Diffusion Beam Search

Updated 19 November 2025

Diffusion Beam Search is a technique that frames the reverse diffusion process as a beam search over latent states to maximize complex, non-differentiable reward metrics.
It employs methods like dynamic beam expansion, multi-step lookahead, calibrated reward functions, and bidirectional search to improve sample quality across various domains.
Empirical studies show that these strategies outperform greedy and best-of-N sampling by effectively balancing reward alignment, diversity, and computational constraints.

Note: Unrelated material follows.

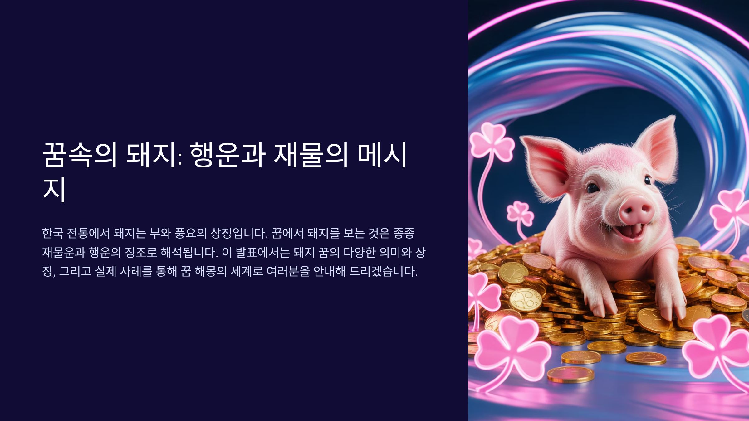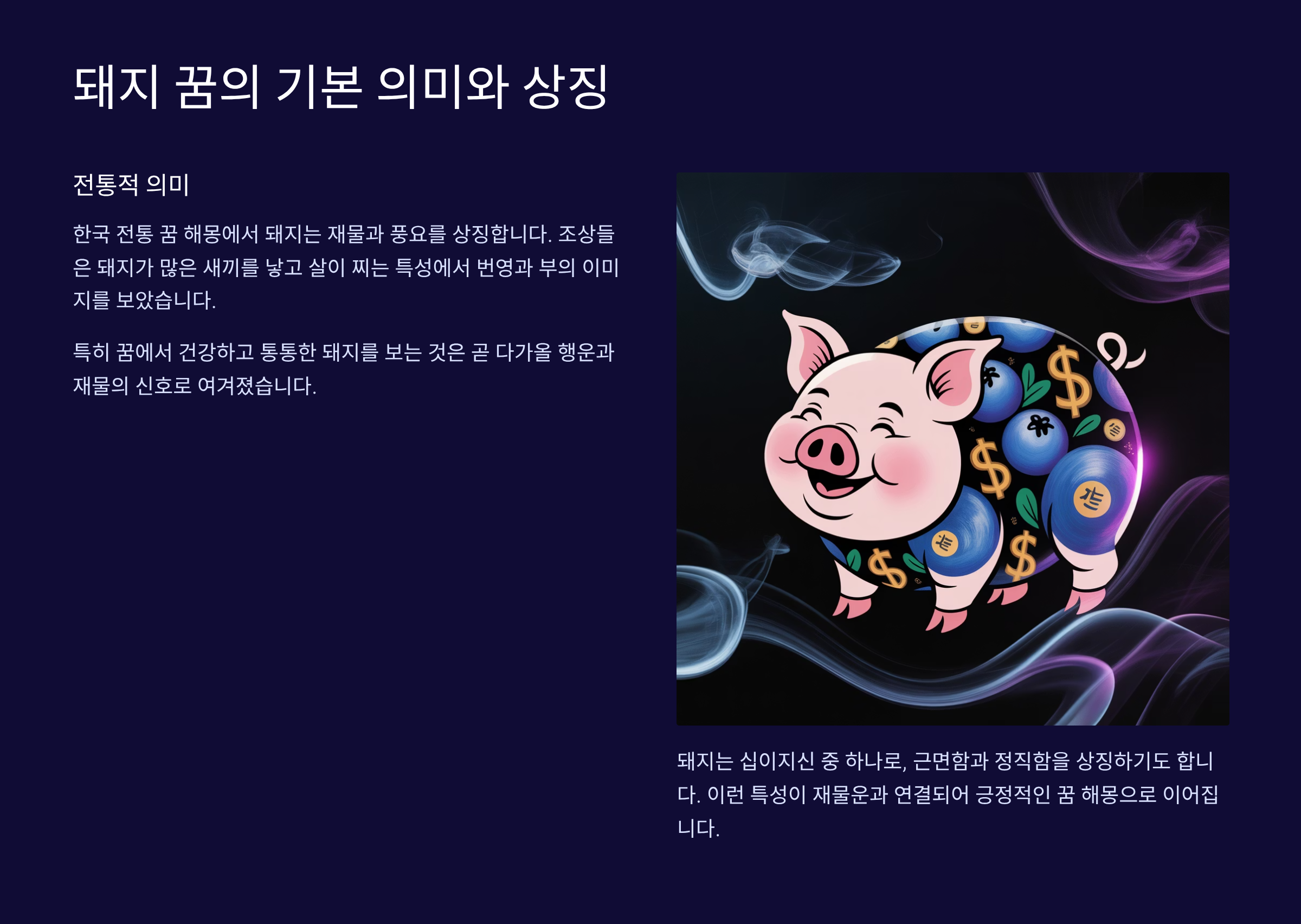 돼지는 동서양을 막론하고 풍요와 재물의 상징으로 여겨져 왔어요. 특히 한국에서는 돼지꿈을 꾸면 재물운이 들어온다고 믿는 전통이 있죠. 과연 이런 믿음에는 어떤 근거가 있을까요? 함께 알아보면서 여러분의 꿈이 어떤 메시지를 담고 있는지 확인해보세요!

Diffusion Beam Search encompasses a family of inference-time optimization and decoding techniques for diffusion models that employ beam-search-style explorations in the model’s denoising (or more generally, latent) space. By structuring sample generation as a search problem—often in the form of trees or beams of candidate latent states—these approaches address the challenge of aligning generative outputs (images, videos, or sequences) with complex, often non-differentiable reward functions such as perceptual coherence, textual alignment, or task-specific metrics. Key innovations include dynamic beam expansion, calibrated reward surrogates, multi-step lookahead value estimation, and bidirectional (“cyclic”) diffusion cycles. Diffusion Beam Search has demonstrated empirically superior sample quality, reward alignment, and computational efficiency across image, video, sequence, and planning domains (Oshima et al., 31 Jan 2025, Fernandes et al., 26 Mar 2025, Li et al., 3 Mar 2025, Lee et al., 20 May 2025).

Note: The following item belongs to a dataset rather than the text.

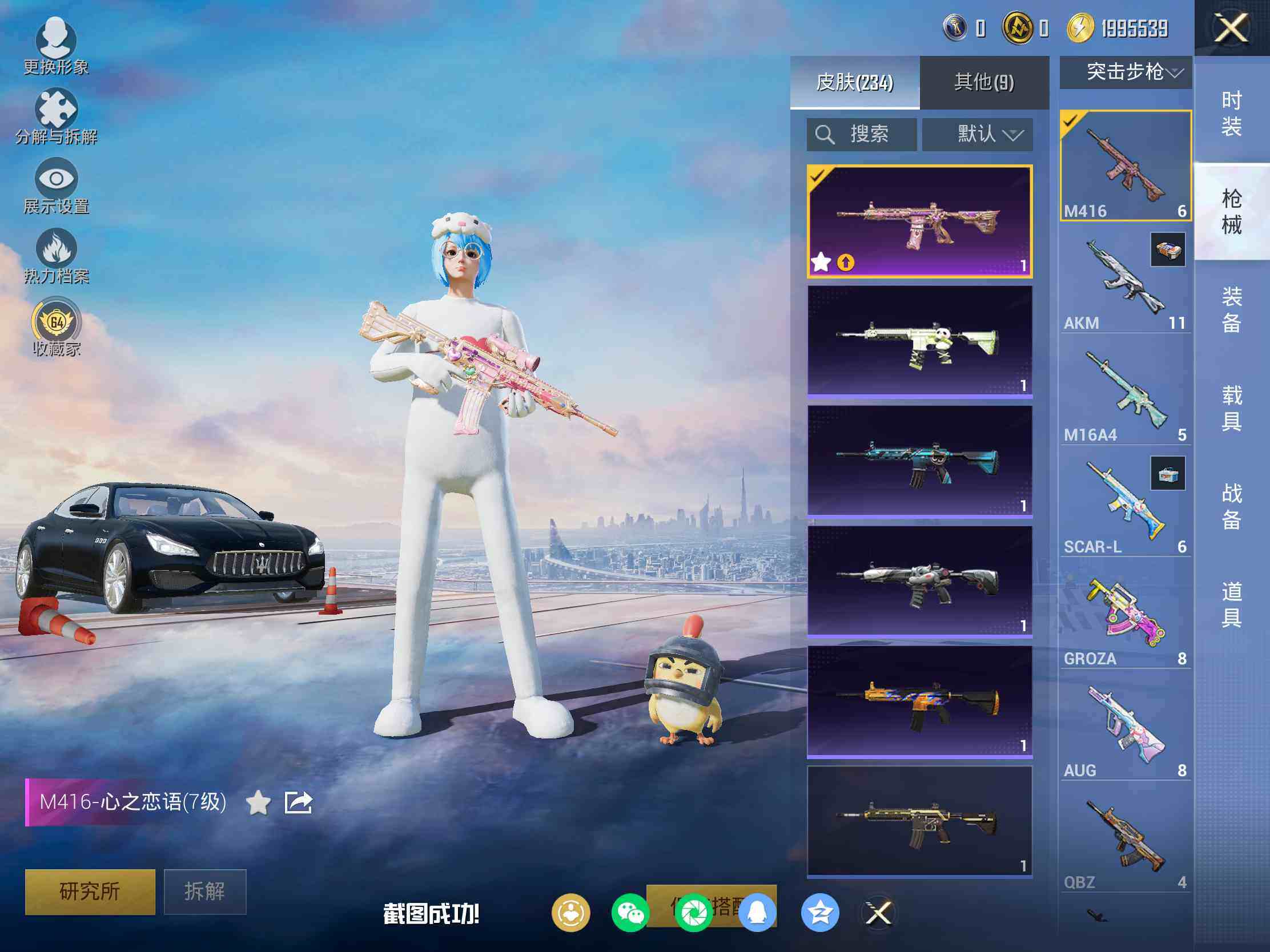 【粉色枪皮等级】:M416-心之恋语(七级),Kar98K-巳巳如意(五级),DP-28-扶摇飞仙(五级),DP-28-豹影疾电(一级)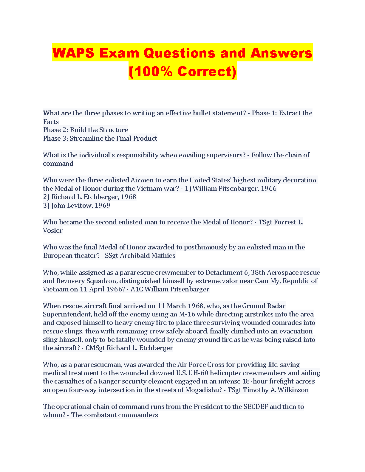 WAPS Exam Mastery Test Bank: 100% Correct Questions and Answers for USAF Promotion Success 2024/2025

1. Formulation: Search in Diffusion Latent Space

Diffusion Beam Search models the process of generating samples with diffusion models as a sequential search over latent variables corresponding to the intermediate states of the reverse diffusion process. At each denoising step $t$ , a population (beam) of candidate latents $\{z_t^j\}_{j=1}^B$ or partial samples is propagated forward (toward $t=0$ ) using a search strategy, with each branch evaluated via a task-specific reward or alignment metric.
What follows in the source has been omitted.